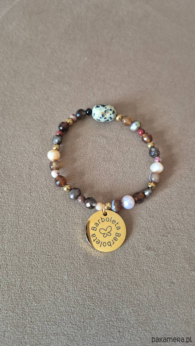 skład: jaspis dalmatyński hematyty, kwarc dymny, perły naturalne, agaty. Elementy metalowe ze stali szlachetnej.
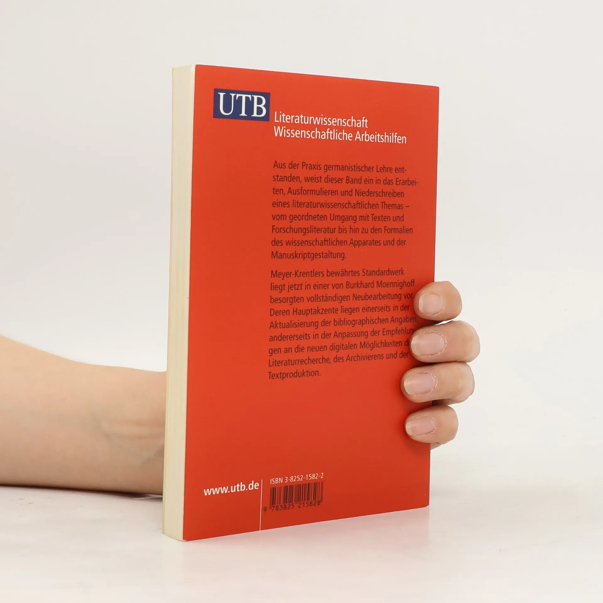 Aus der Praxis germanistischer Lehre entstanden, weist dieser Band ein in das Erarbeiten, Ausformulieren und Niederschreiben eines literaturwissenschaftliches Themas - vom geordneten Umgang mit Texten und Forschungsliteratur bis hin zu den Formalien des wissenschaftlichen Apparates und Manuskriptgestaltung. Meyer-Krentlers bewährtes Standardwerk liegt in jetzt in einer von Burkhard Moennighoff besorgten vollständigen Neubearbeitung vor. Deren Hauptakzente liegen einerseits in der Aktualisierung der bibliographischen Angabe, andererseits in der Anpassung der Empfelungen an neuen digitalen Möglichkeiten der Literaturrecherche des Archivierens und der textproduktion.
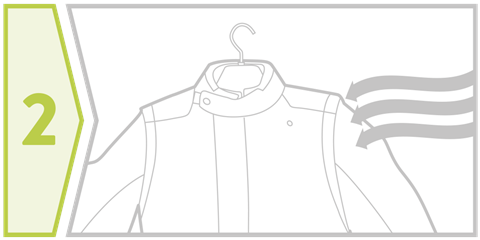 Hvis du har vært ute i regn lar du fuktige plagg tørke langsomt i romtemperatur. Skinnklær bør ikke tørkes i for høy varme. Tørk dem aldri i tørkeskap eller på elementer, for det gjør plaggene stive og harde.

- [Task to carry out] Exactly the lines from the top of the listing through the line with "Aus der Praxis", and no pictures, should be printed.

- [Solved problem]
 skład: jaspis dalmatyński hematyty, kwarc dymny, perły naturalne, agaty. Elementy metalowe ze stali szlachetnej.
 Aus der Praxis germanistischer Lehre entstanden, weist dieser Band ein in das Erarbeiten, Ausformulieren und Niederschreiben eines literaturwissenschaftliches Themas - vom geordneten Umgang mit Texten und Forschungsliteratur bis hin zu den Formalien des wissenschaftlichen Apparates und Manuskriptgestaltung. Meyer-Krentlers bewährtes Standardwerk liegt in jetzt in einer von Burkhard Moennighoff besorgten vollständigen Neubearbeitung vor. Deren Hauptakzente liegen einerseits in der Aktualisierung der bibliographischen Angabe, andererseits in der Anpassung der Empfelungen an neuen digitalen Möglichkeiten der Literaturrecherche des Archivierens und der textproduktion.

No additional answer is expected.